Understanding these metrics helps us assess different aspects of our extraction system:

* **Precision** measures how accurate our positive predictions are. A high precision means when our system extracts a value, it's usually correct.
  * Calculation: Precision = TP / (TP + FA + FD)
  * Example: If precision is 0.90, 90% of the fields we extracted are correct.

* **Recall** measures how complete our extractions are. A high recall means we're not missing many values that should be extracted.
  * Calculation: Recall = TP / (TP + FN + FD)
  * Example: If recall is 0.85, we successfully found 85% of all fields that should have been extracted.

* **F1-score** balances precision and recall. It's particularly useful when you need a single metric to compare different models.
  * Calculation: F1-score = 2 * (Precision * Recall) / (Precision + Recall)
  * A high F1-score indicates good performance in both precision and recall.
  * A low F1-score suggests the system is struggling with either precision, recall, or both.

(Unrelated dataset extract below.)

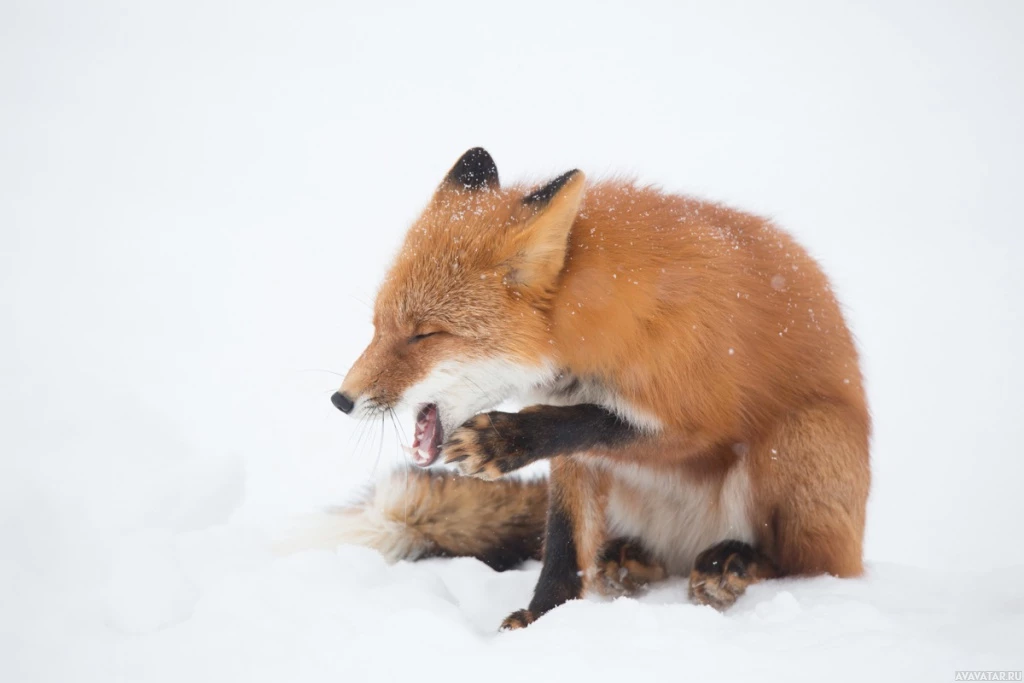 На картинке изображена рыжая лиса на снегу. Кажется, что она зевает или, возможно, демонстрирует какое-то выражение лица, которое может быть истолковано как удивление или застигнутое врасплох. Рот лисы открыт, что может создать впечатление, что она кричит или общается с другим животным.
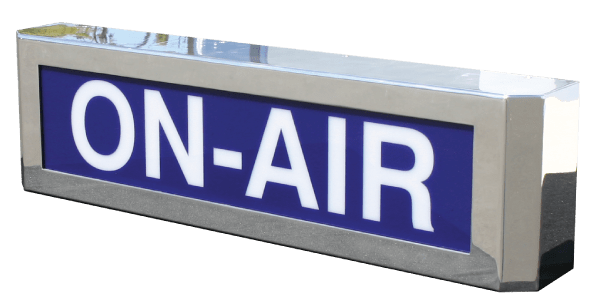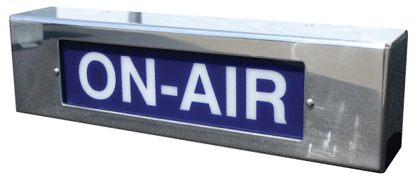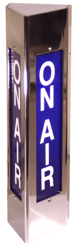 The ON-AIR Light Company’s product line consists of 4 different styles of lights, Retro, A-Frame, Simple, and Mega. Housings are formed from highly polished aluminium. Backplates for mounting are Galvanealed folded steel. Our lenses are sign grade transparent, white Lexan, and vinyl. Standard vinyl colors are Blue, Red, and Black. Standard lens legends are ON-AIR, RECORDING, APPLAUSE, and SILENCE. Custom vinyl colors, text and graphics are available as well as custom color powder coating of the housings. All lights are available with LED illumination either 12 volts or 120 volts. Retro, Simple, and A-Frame can be ordered with an incandescent light source at 12, 24, 120, or 220 volts. All lights are made in California.

* **Accuracy** measures the overall correctness of predictions, including both positive and negative cases.
  * Calculation: Accuracy = (TP + TN) / (TP + TN + FA + FD + FN)
  * Particularly valuable when correct identification of empty fields is as important as correct extractions
  * Example: In legal document processing, correctly identifying when a field is empty can be crucial
  * In sparse datasets, high accuracy indicates the system correctly handles both present and absent values

Key points about these metrics:
- Each metric provides different insights into system performance
- The importance of each metric depends on your specific use case and requirements
- Precision and recall often have a trade-off relationship
- F1-score provides a balanced view of precision and recall
- Accuracy gives insight into overall system reliability, including empty field handling

When evaluating document processing systems:
- Consider your specific use case requirements
- Look at all metrics to get a complete picture of system performance
- Align metric priorities with business requirements and error impact
- Pay attention to both extraction accuracy and empty field handling

The following code implements these metrics calculations:



In [3]:
import collections

def calculate_metrics(evaluation_results):
    """
    Calculates precision, recall, F1-score, and accuracy from evaluation results
    for individual fields and for an overall summary.
    
    Args:
        evaluation_results: Dictionary where keys are field names and values are
                            dictionaries containing counts for 'TP', 'TN', 'FA',
                            'FD', and 'FN'.
    
    Returns:
        Dictionary with metrics (precision, recall, f1, accuracy) for each field
        and an "overall" summary.
    """

    def _safe_divide(numerator, denominator):
        """Helper to perform division, returning 0.0 on ZeroDivisionError."""
        try:
            return numerator / denominator
        except ZeroDivisionError:
            return 0.0

    def _calculate_metrics_from_counts(counts):
        """Helper function to calculate metrics for a single set of counts."""
        TP = counts.get('TP', 0)
        TN = counts.get('TN', 0)
        FA = counts.get('FA', 0)
        FD = counts.get('FD', 0)
        FN = counts.get('FN', 0)
        
        metrics = {}

        # Use the safe_divide helper function for each calculation
        precision = _safe_divide(TP, (TP + FA + FD))
        recall = _safe_divide(TP, (TP + FN + FD))
        
        f1 = _safe_divide((2 * precision * recall), (precision + recall))
        accuracy = _safe_divide((TP + TN), (TP + FA + FD + TN + FN))
        
        metrics['precision'] = precision
        metrics['recall'] = recall
        metrics['f1'] = f1
        metrics['accuracy'] = accuracy
        metrics['counts'] = counts
        
        return metrics

    # Calculate metrics for each field using a dictionary comprehension
    metrics = {
        field: _calculate_metrics_from_counts(counts)
        for field, counts in evaluation_results.items()
    }
    
    # Aggregate counts for overall metrics using collections.Counter
    overall_counts = collections.Counter()
    for counts in evaluation_results.values():
        overall_counts.update(counts)
    
    # Calculate overall metrics using the same helper function
    overall_metrics = _calculate_metrics_from_counts(overall_counts)
    
    # Add overall metrics to the results dictionary
    metrics['overall'] = overall_metrics
    
    return metrics

# Then calculate metrics
metrics_results = calculate_metrics(evaluation_results)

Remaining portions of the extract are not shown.